Prompt
Take the line with "南側立面図 South Elevation" as the first and the last line of the data as the end. Write out both and every line between exactly, except pictures.

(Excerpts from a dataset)
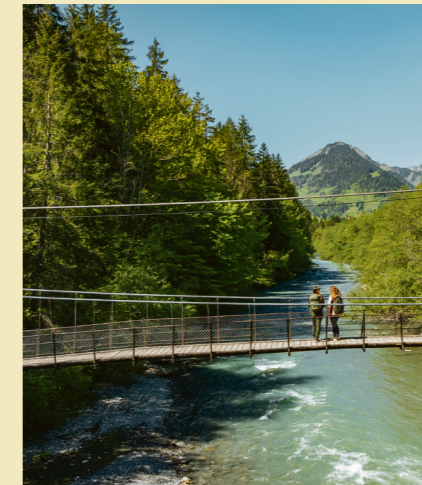
Regionaler Naturpark Gruyère Pays-d'Enhaut.

Graubünden ist in dieser Jahreszeit die wasserreichste Gegend der Schweiz. Der Rhein beginnt hier, am Tomasee, als unscheinbarer Bergbach, und nimmt auf dem Weg ins Tal alles auf, was die umliegenden Täler abgeben, bevor er zu einem der grössten Flüsse Europas heranwächst. In Tälern, die im Sommer kaum jemand aufsucht, stürzen Bäche über Felsen, die im August trocken liegen. Orte, die keine grossen Versprechen machen und sie dann trotzdem halten. Was das konkret bedeutet, welche Wege dorthin führen und was man antrifft, lässt sich auf den nächsten Seiten in Erfahrung bringen.
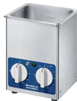
RK 52 H
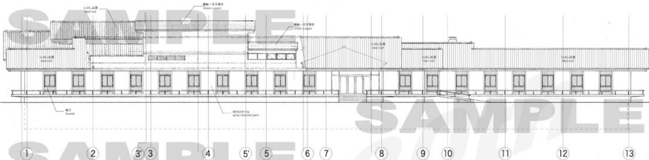
南側立面図 South Elevation
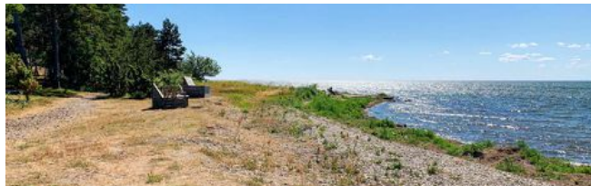
Ett par stenkast från Eco By Strandnära ligger stranden och sundet som skiljer Öland från fastlandet.
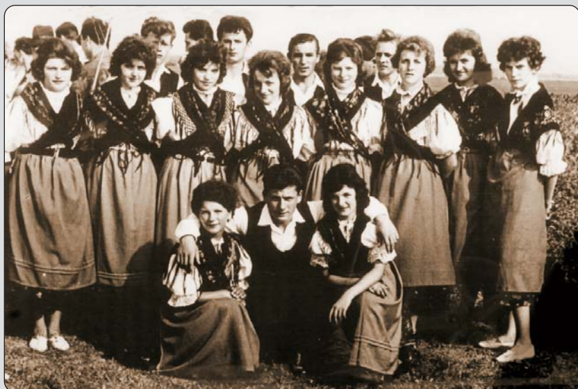
Pokojni su bili člani tancoške i jačkarne grupe u Petrovom Selu 1960-ih ljet
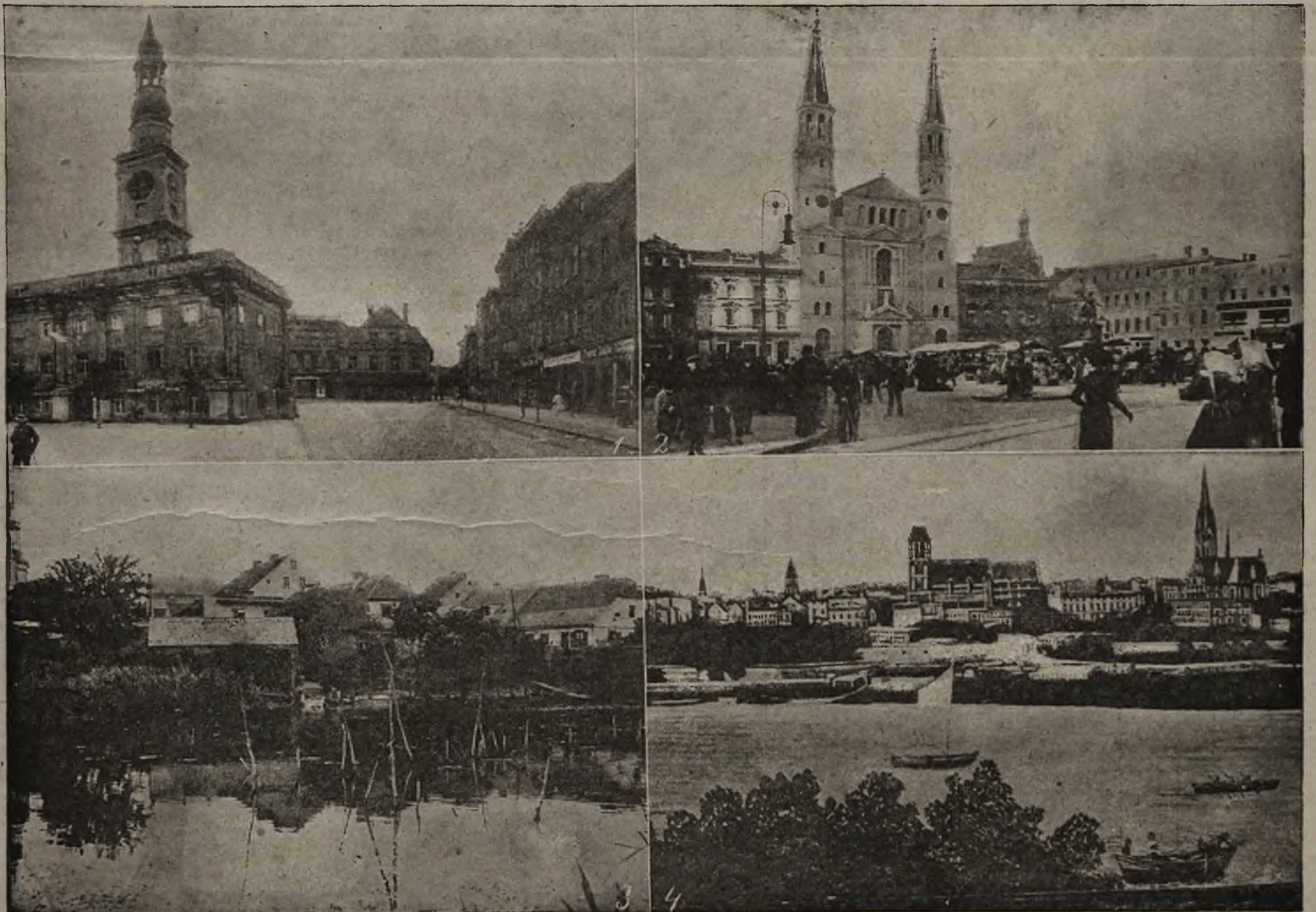
1) Widok miasta Leszna, o które toczyły się walki. 2) Bydgoszcz, o który obecnie toczą się walki 3) Miejscowość Zbąszyn, zdobyta przez Polaków, węzłowy punkt kolei Poznań-Berlin. 4) Widok twierdzy Torunia.

Treść numeru: Słuch Oleszyński dla Polski — Niemcy a Realicya — Rozporządzenie konferencji państwowej. — Walka z bolszewizmem w Niemczech. — Gabinet koalicyjny Radziewskiego itd.

Your solution
南側立面図 South Elevation
Ett par stenkast från Eco By Strandnära ligger stranden och sundet som skiljer Öland från fastlandet.
Pokojni su bili člani tancoške i jačkarne grupe u Petrovom Selu 1960-ih ljet
1) Widok miasta Leszna, o które toczyły się walki. 2) Bydgoszcz, o który obecnie toczą się walki 3) Miejscowość Zbąszyn, zdobyta przez Polaków, węzłowy punkt kolei Poznań-Berlin. 4) Widok twierdzy Torunia.

Treść numeru: Słuch Oleszyński dla Polski — Niemcy a Realicya — Rozporządzenie konferencji państwowej. — Walka z bolszewizmem w Niemczech. — Gabinet koalicyjny Radziewskiego itd.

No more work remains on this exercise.